Habermas (1970:303) notes that the hermeneutic sciences have a
"scientific consciousness" in that they share the methodological
imperative of "describing a structured reality within the horizon
of the theoretical attitude."  Because they do not accept the
principle that scientific knowledge has a constitutive effect on
social relationships, the hermeneutic sciences have become "the
positivism of the cultural and social sciences."  As a consequence,
the hermeneutic or interpretive perspectives cannot be conceived to
be ontologically reflexive; they maintain that people are active
agents but insist on the political disinterest and social
disengagement of scientific practice.  In order to appreciate the
addition of ontological reflexivity we must move on to a
consideration of Habermas' third category of scientific effort, we
must move on to a consideration of critical or emancipatory
sociology.
Critical social thought has consistently insisted upon an
epistemological break with the more traditional and conservative
social theories.  Max Horkheimer (1972), one of Habermas'
precursors in the Frankfort Institute for Social Research, has
distinguished critical from traditional theory by noting the
critical theorist's awareness of his/her social partiality.

Critical approaches reject the value-neutral and objective
self-understanding of the scientistic and hermeneutic approaches by
affirming the interactive, dialectical relationship between
knowledge and society.  Social reality, as the scientist's object
of cognition, is transformed by social knowledge from a
thing-in-itself to a thing-for-us.  In contrast to the claims of
those who argue that the sociological enterprise is an academic
effort somehow existing independently of social reality and has no
effect on social reality, the critical sociologist takes the
perspective that sociological theory and research are intellectual
definitions of the situation and, as such, cognitively structure
social reality and become prescriptions for social action, whether
they are so intended or not.  From a critical standpoint, social
reality is what it is to a great extent because of what social
scientists say about it.  Sociological, psychological, economic and
political science definitions of the situations, thus, have a
socially self-fulfilling character to them and social theory and
social research must be understood as socially situated
vocabularies of motive (Mills, 1940; Horton, 1966).  
It must come as no surprise that critical sociologists view
knowledge and definitions of reality not only emerging out of
specific socio-historical milieus but also as affirming or
transforming the social relationships of these socio- historical
milieus.  It is critical sociology which most fully grasps the dual
lesson of the sociology of knowledge: knowledge has a social base
and know- ledge constitutes a social base.  

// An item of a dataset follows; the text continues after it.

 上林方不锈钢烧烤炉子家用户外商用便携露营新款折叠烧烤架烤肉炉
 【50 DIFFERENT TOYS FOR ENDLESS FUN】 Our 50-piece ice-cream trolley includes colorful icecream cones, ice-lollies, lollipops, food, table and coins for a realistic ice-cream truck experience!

The third mode of science, although it finds precious little
support in North American sociology, is emancipatory since it
comprehends the constitutive role of social science and affirms the
idea that human beings must participate in the interactional
encounters in the social construction of reality or else these
encounters lose their human and social character.   Following in
the tradition of Karl Marx, Georg Lukacs, Antonio Gramsci and
Herbert Marcuse, the emancipatory thrust of science must be
emphasized in those situations in which structural obstacles to
full social participation have been erected.  In its emancipatory
modes, as Lukacs puts it, social science is the intellectual
expression of social revolution.  In more concrete terms, the role
of research and theory in opposing and transforming capitalist
commodity relationships and administered bureaucratic relationships
into fully social relationships is the political expression of
critical science.  The emancipatory mode of science must be
emphasized, for example, if an alienated objective social world is
elevated above subjective human meaning in the dialectic of the
social construction of reality, as Lukacs argues in his classic
book, History and Class Consciousness (1971).  

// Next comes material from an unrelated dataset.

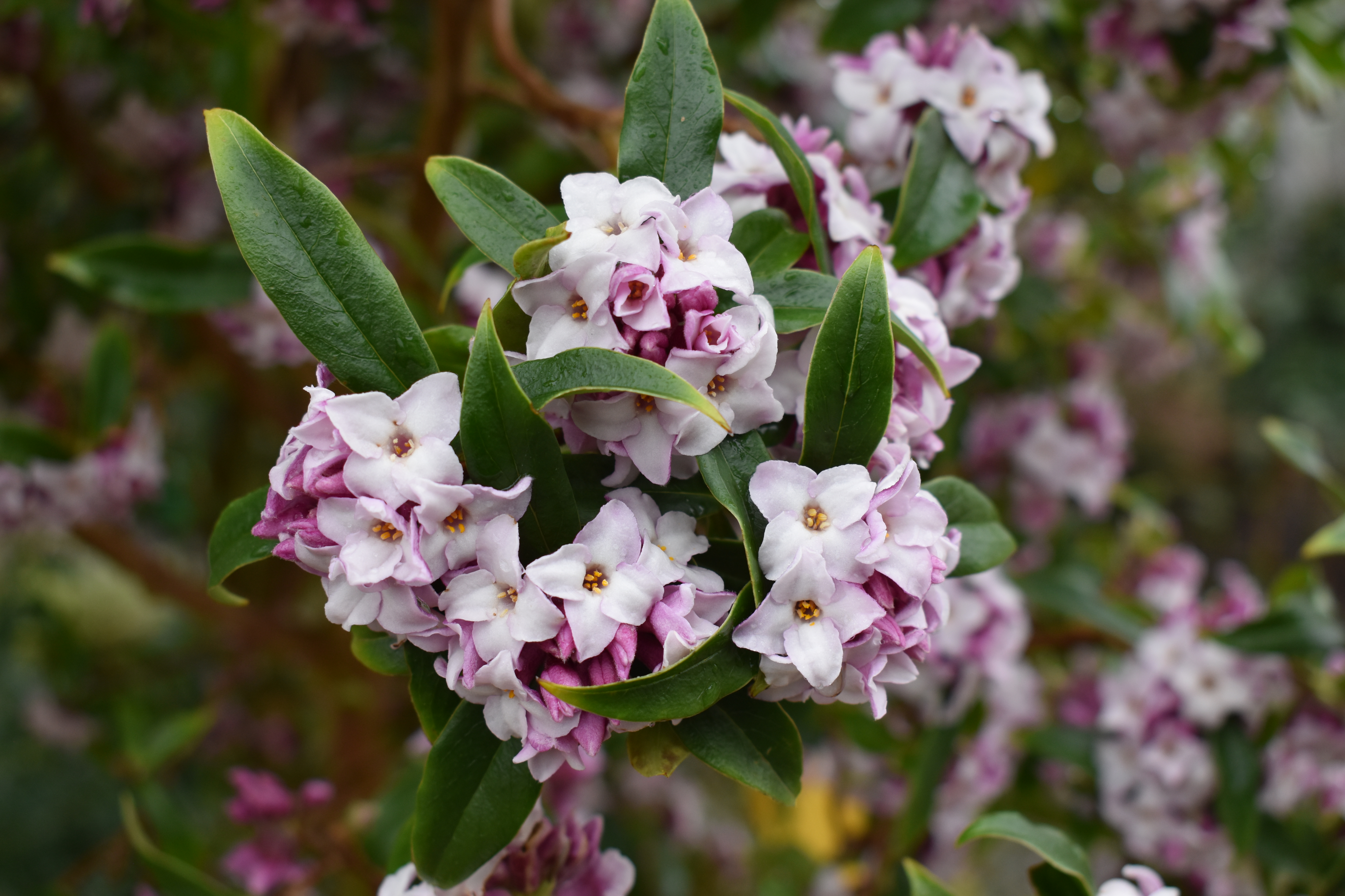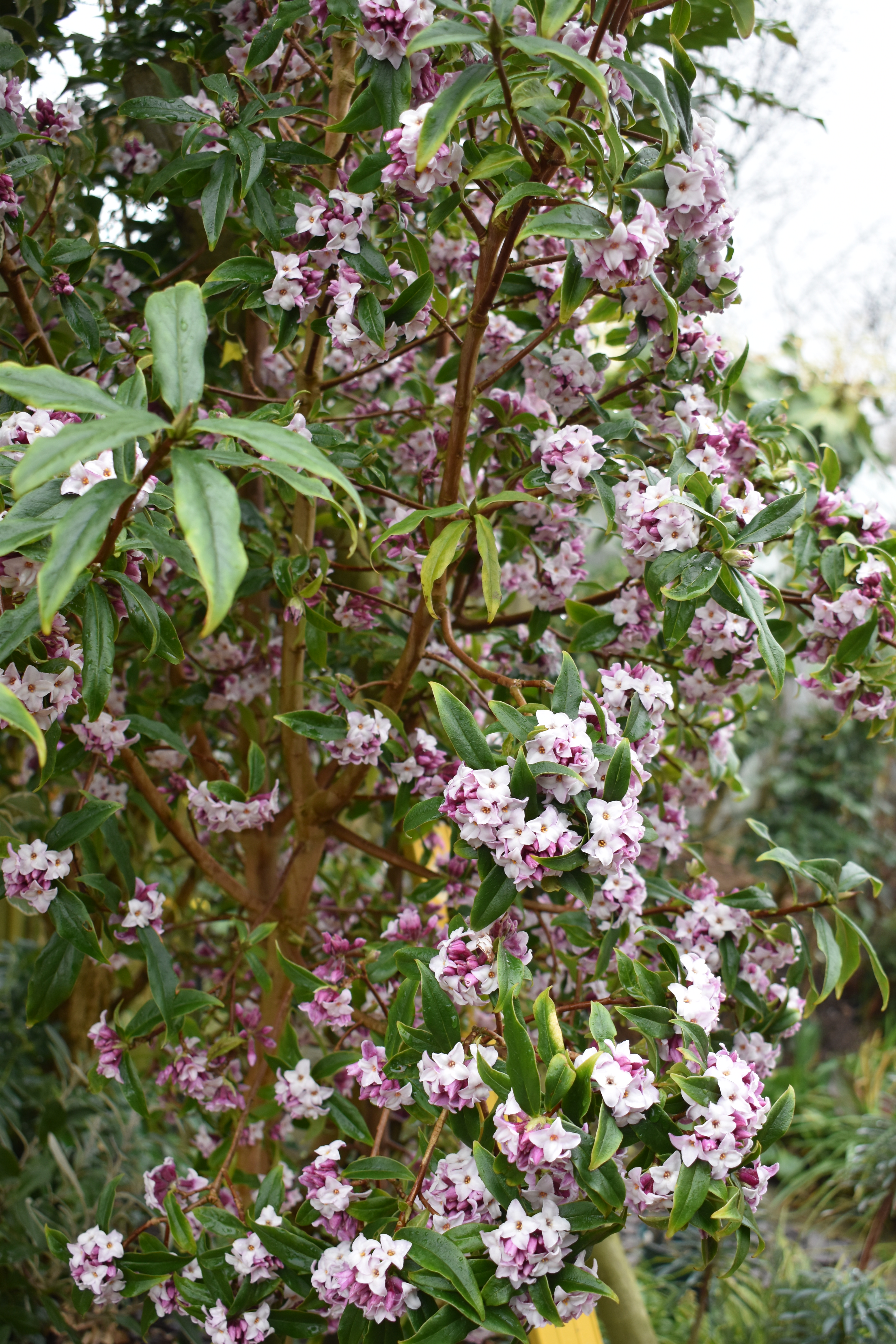 The first set of photos illustrates our Daphnes, D. bhuloa ‘Jacqueline Postill’, which I think emits the best aroma of all winter flowering shrubs. This year it is flowering better than ever with bigger clusters of flowers and far more of them. we grow it in the Winter Garden close to the conservatory and alongside a path to get best value!

As is obvious, the scientistic perspective is the dominant image of
social life in the median era of bureaucratic capitalism and it
must not be understood as an endeavor separate from the process of
the social construction of reality, but instead it must be viewed
as a major form of legitimation for the social constructions of
monopoly capitalism and bureaucracy.  Critical sociology maintains
that not only do the major orientations of social theory serve as
intellectual justifications for those social categories directing
the various processes of bureaucracy and monopoly capitalism, but
they also help to constitute this reality in the consciousness of
those who suffer under them. The task of critical sociology is to
critique the theory and research of the dominant modes of
sociological endeavor and in so doing challenge the legitimacy of
the social reality it constitutes.  The emancipatory mode of
science rejects the necessity of historical modes of domination and
seeks the emancipation of people from such.  
Critical theory emphasizes that human emancipation is firmly
grounded in processes of self and social reflection upon the
legitimacy accorded the given social structural arrangements. 
While critical science seeks to mediate or affect human behavior by
raising questions about the legitimacy of such structural
arrangements, it deliberately seeks to avoid determining it.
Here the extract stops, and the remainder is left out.